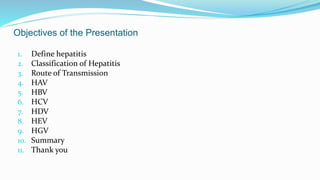 1. Hepatitis is defined as inflammation of the liver caused by viruses. There are 5 main hepatitis viruses - Hepatitis A, B, C, D, and E viruses. Hepatitis B is the only DNA virus, while the others are RNA viruses.
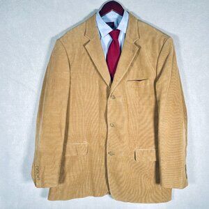 Tasso Elba Corduroy Blazer Mens 46L Tan Cotton Sport Coat Smoking Jacket
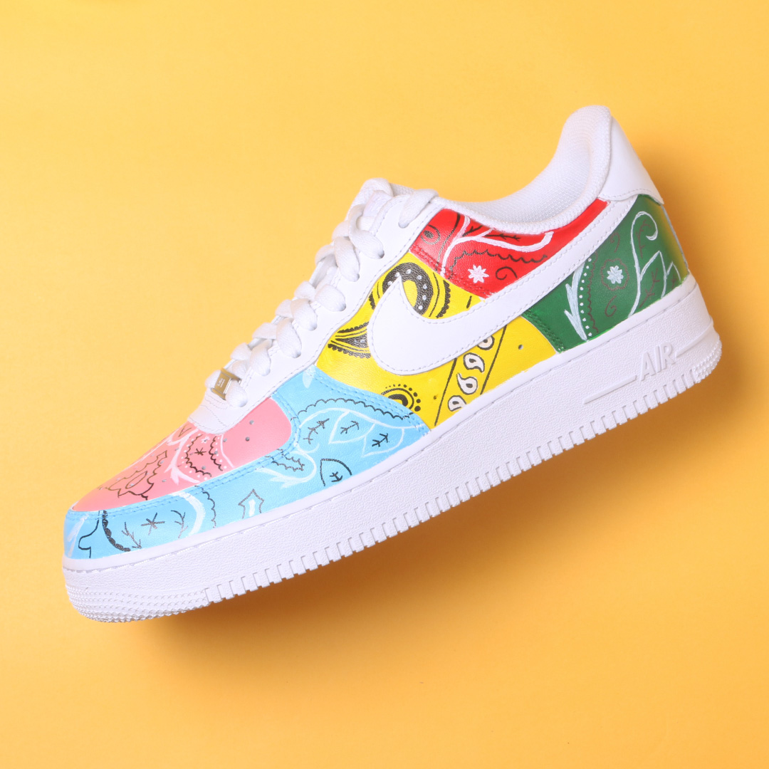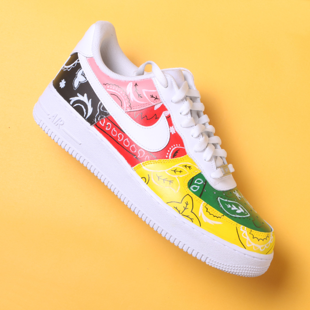 These Air Force 1 customs remix the classic bandana print into a vibrant patchwork of red, yellow, blue, green, black, and pink — each panel telling its own story. From block parties to bold statements, these sneakers celebrate unity in diversity with a playful yet powerful visual language. Crisp white leather meets chaos and harmony in equal measure. Pure energy, stitched together with style.
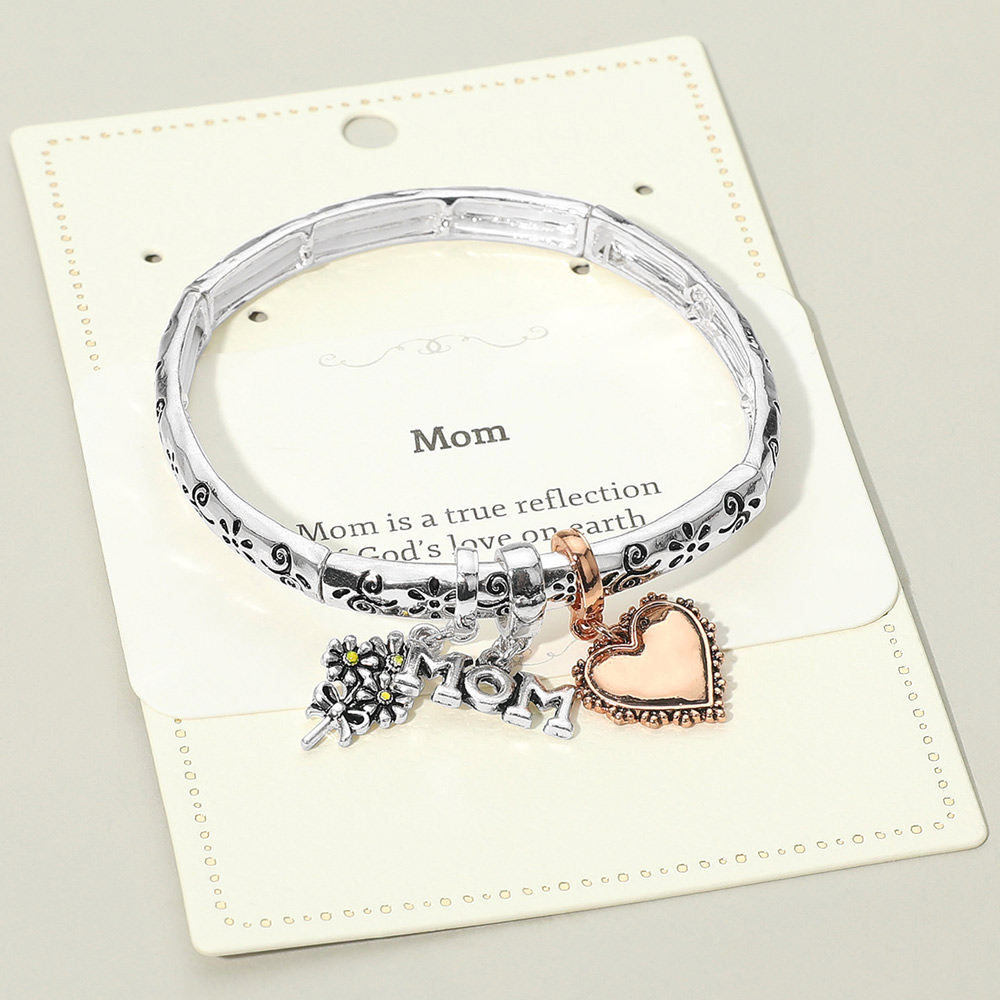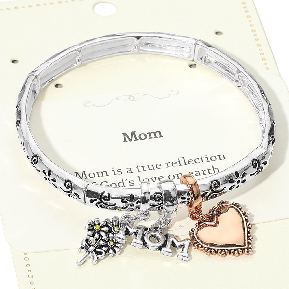 Details • Size : 0.25" H • Charm Size : 0.8" L • Stretchable • Celebrate the love of motherhood with this Mom charm bracelet featuring a floral bouquet, engraved Mom charm, and a heartfelt heart pendant. A meaningful keepsake gift that honors the special bond between mother and child. • Lead and Nickel Compliant

→ WORK ITEM: The expected answer consists solely of the lines from the one with "These Air Force" through the last line of the listing above, restated exactly, minus any pictures.

→ EXERCISE SOLUTION:
 These Air Force 1 customs remix the classic bandana print into a vibrant patchwork of red, yellow, blue, green, black, and pink — each panel telling its own story. From block parties to bold statements, these sneakers celebrate unity in diversity with a playful yet powerful visual language. Crisp white leather meets chaos and harmony in equal measure. Pure energy, stitched together with style.
 Details • Size : 0.25" H • Charm Size : 0.8" L • Stretchable • Celebrate the love of motherhood with this Mom charm bracelet featuring a floral bouquet, engraved Mom charm, and a heartfelt heart pendant. A meaningful keepsake gift that honors the special bond between mother and child. • Lead and Nickel Compliant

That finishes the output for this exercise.